* _Exercise_: Would you retype exactly the lines below, from the one containing "Albin veldig fornöyd" through the end of the entries, both ends included, but not the pictures?

* _Source records_:

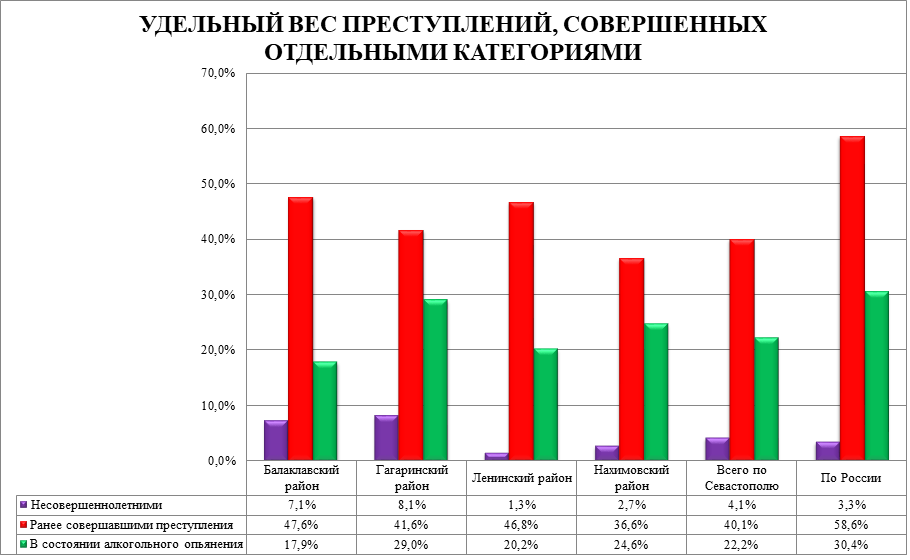 Количество преступлений особо тяжкой и тяжкой категорий возросло на 180 единиц, или 59,4%, в том числе в Ленинском районе на 66 единиц (81,5%), в Балаклавском районе на 26 единиц (65,0%), в Гагаринском районе на 25 единиц (26,6%), в Нахимовском районе на 11 единиц (15,5%).
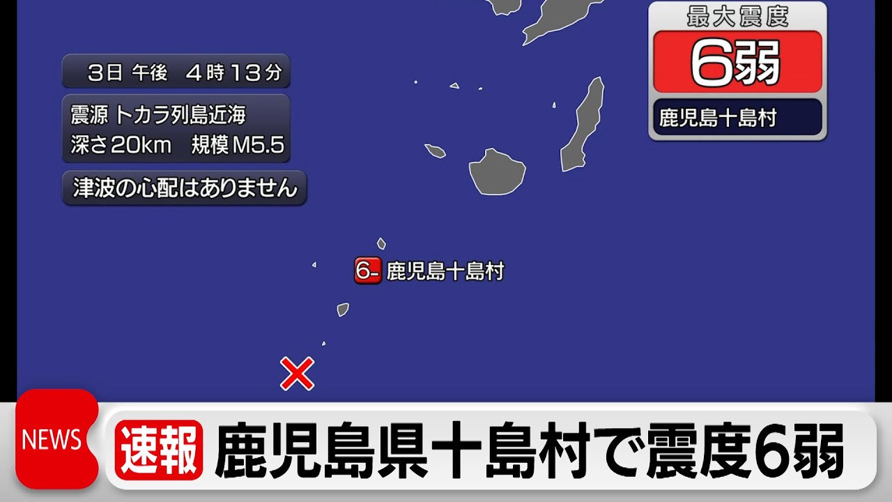 気象庁によりますと先ほど鹿児島県十島村で震度6弱の地震がありました。この地震による津波の心配はありません。気象庁によりますと午後4時13分ごろ、トカラ列島近海を震源とする地震があり十島村で震度6弱の揺れを観測しました。震源の深さはおよそ20キロで、地震の規模をあらわすマグニチュードは5.5と推定されます。この地震による津波の心配はありません。十島村では悪石島で震度4の地震が相次いでいて、このあと気象庁が記者会見する予定です。
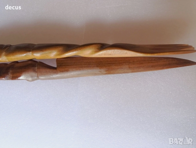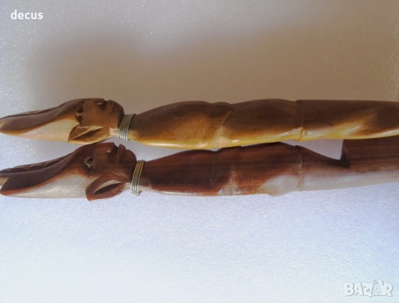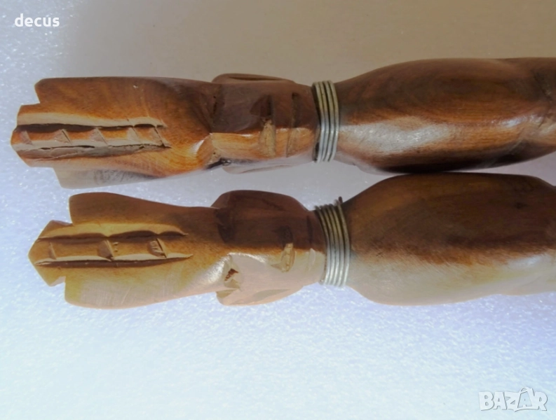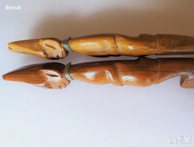 Този винтидж дървен комплект ножове и вилици, ръчно резбовани с глави на местни жители на Африка, е с височина приблизително 34–35 см. Зашеметяващо произведение на африканското изкуство, то е идеално за колекционери на племенни артефакти или уникален кухненски декор, демонстриращ сложна майсторска изработка.
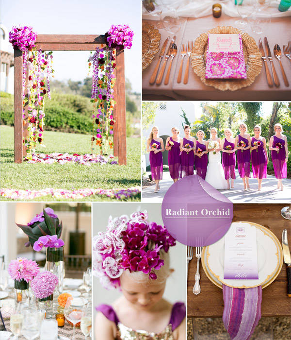2014年最受关注的流行色无疑是兰花紫,从粉紫色的兰花中汲取的兰花紫色,PANTONE对兰花紫的定义是迷人的、神奇的和有些神秘。 在婚礼上把兰花紫与雾紫色搭配,将其与同色系不同深浅的色彩搭配,能收获意想不到的效果,同时也为婚礼注入更多的迷人元素。
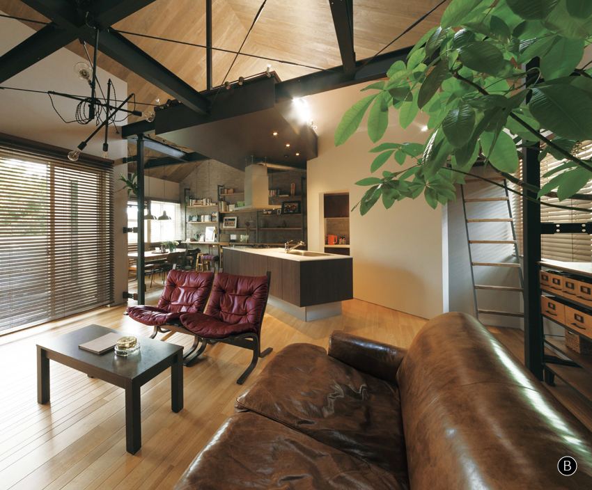 大阪府Kさま邸のLDKは、天井の構造梁(ばり)をあらわしたブルックリンスタイル(寫真B)。ダイニング(寫真左奧)とリビング(寫真手前)の中間地點に、シンプルなアイランド型キッチンが斜めに據えられています。斬新なレイアウトもさることながら、驚くのはモノの少なさやシンプルさ。大小の電化製品や調理道具、ストック食品や食器など、キッチン回りにあふれがちなものを全て背後のバックヤードにまとめておられます。
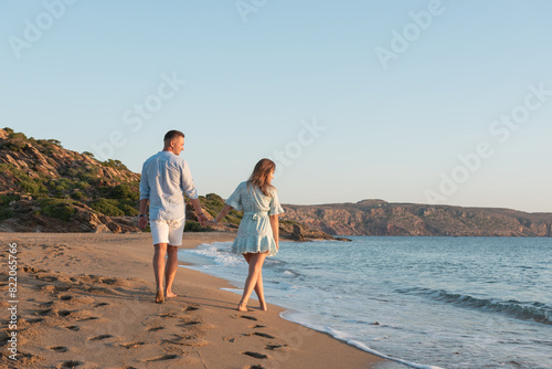 Happy couple is walking on the beach during sunset or sunrise. Summer vacations.
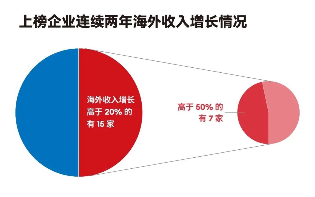 今年的榜单中,有半数企业过去两年海外收入上涨了40%,其中超过5家公司实现了海外收入的翻倍。除了显著的增长外,中国公司也正式迈入全球化经营的重要时间窗口。
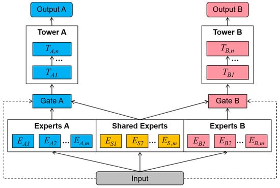 Multi-task learning (MTL) can effectively reduce the above problems. At present, a large number of studies have been carried out on the prediction and classification of new energy power generation. For example, reference [] proposes a short-term prediction method for offshore wind power based on the classification of significant weather processes and multi-task learning considering adjacent power. The power sequence of adjacent offshore wind farms is introduced as a new input feature to model wind power prediction for each wind farm in the adjacent region under each category of weather processes. Reference [] combines the high computing power of deep neural networks (DNNs) with the improved generalization performance of MTL to design separate output layers for each task and provide them with shared representations to solve the related problems of wind ramp event prediction in wind farms. Different variants of MTL have also been developed, such as Multi-gate Mixture of Experts (MMoE). Reference [] combines WaveNet, a special type of Convolutional Neural Network, with the architecture of MMoE, aiming to overcome inherent limitations by efficiently capturing and exploiting complex patterns and trends in time series data. However, the MTL models used in the current research have, more or less, the inherent negative transfer problem and the “see-saw” problem; that is, when the correlation between different tasks is weak, the joint training effect is not good, or the effect of one task is sacrificed to improve the effect of another task.
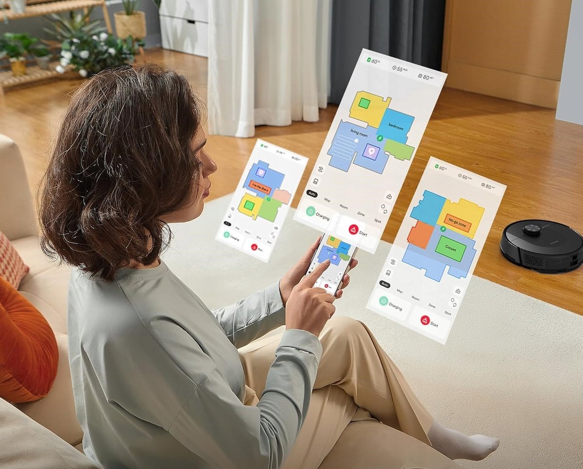 Nasz robot odkurzający automatycznie zwiększa moc ssania na dywanach, zapewniając optymalne efekty czyszczenia.
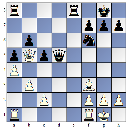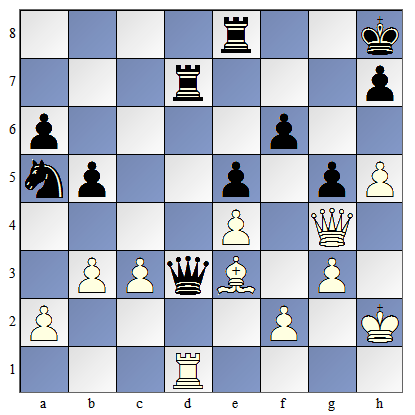 ![]() | Zadanie 3 Szpila. Białe, grając gońcem na f3, atakują hetmana. Hetman - jako bardziej wartościowa figura - stał się ofiarą szpili. Musi odejść, by poświęcić mniej wartościową wieżę. |
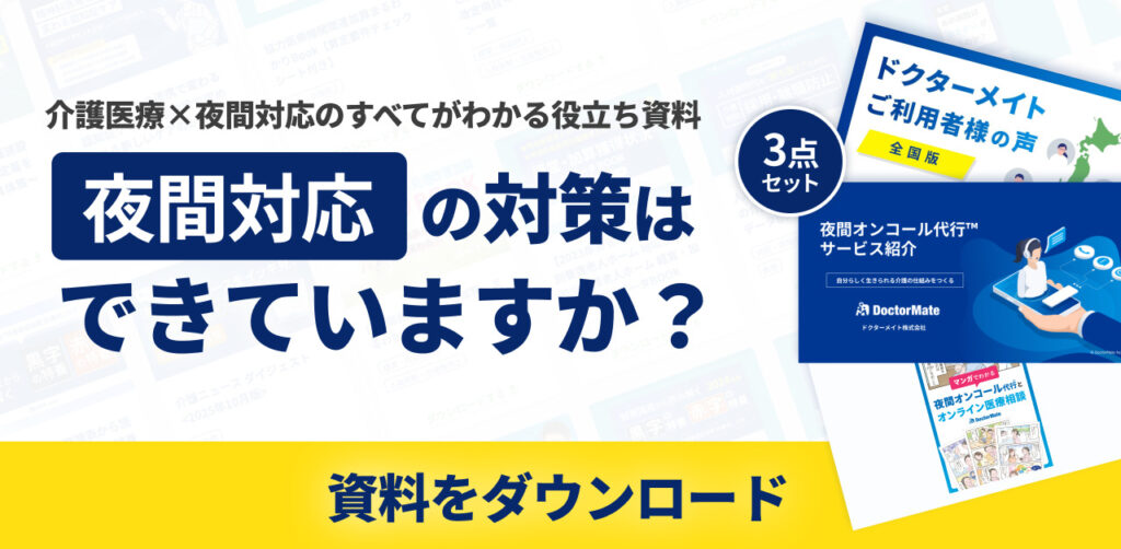 オンコール体制の維持は、スタッフの精神的・肉体的な負担が大きく、離職の引き金になることも少なくありません。そこでおすすめしたいのが、介護施設特化型の夜間オンコール代行サービス「ドクターメイト」です。
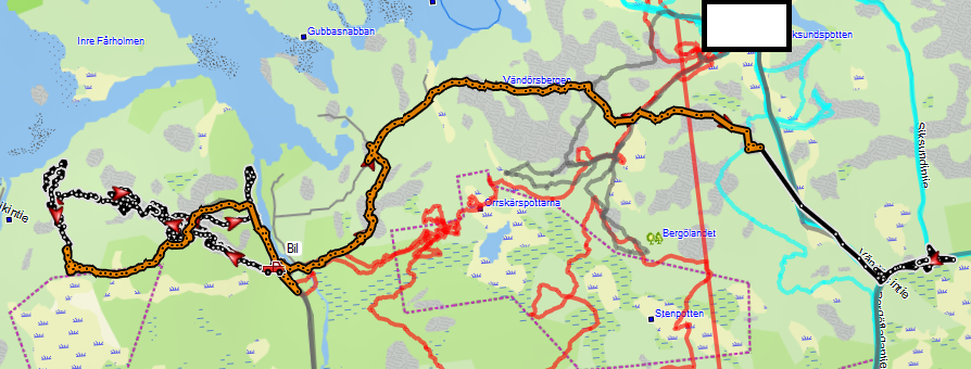 Albin veldig fornöyd med å komme ut av bilen og pisser i to minutter för det skjer noe, dvs han må jo også bajse litt og en komplett PER er unnagjort. Da er det et par reelle sökerunder på han. Og dette fölges av los leting på godfot. Mistenker at det er noe på gang som han ikke får fart på, for det er elendig losföring.
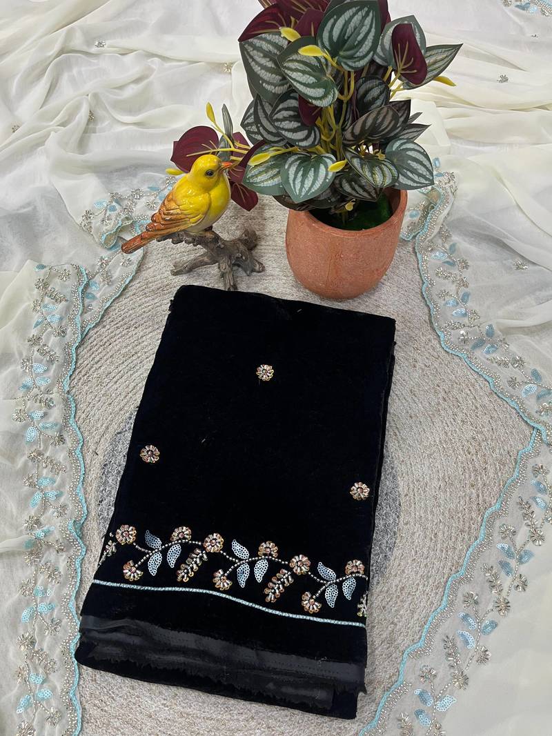 Work : Solid Plain Saree With Floral Embellishment Work Of Beads And Sequins With Multi Thread Work On Border.

* _Solution to this exercise_:
 Albin veldig fornöyd med å komme ut av bilen og pisser i to minutter för det skjer noe, dvs han må jo også bajse litt og en komplett PER er unnagjort. Da er det et par reelle sökerunder på han. Og dette fölges av los leting på godfot. Mistenker at det er noe på gang som han ikke får fart på, for det er elendig losföring.
 Work : Solid Plain Saree With Floral Embellishment Work Of Beads And Sequins With Multi Thread Work On Border.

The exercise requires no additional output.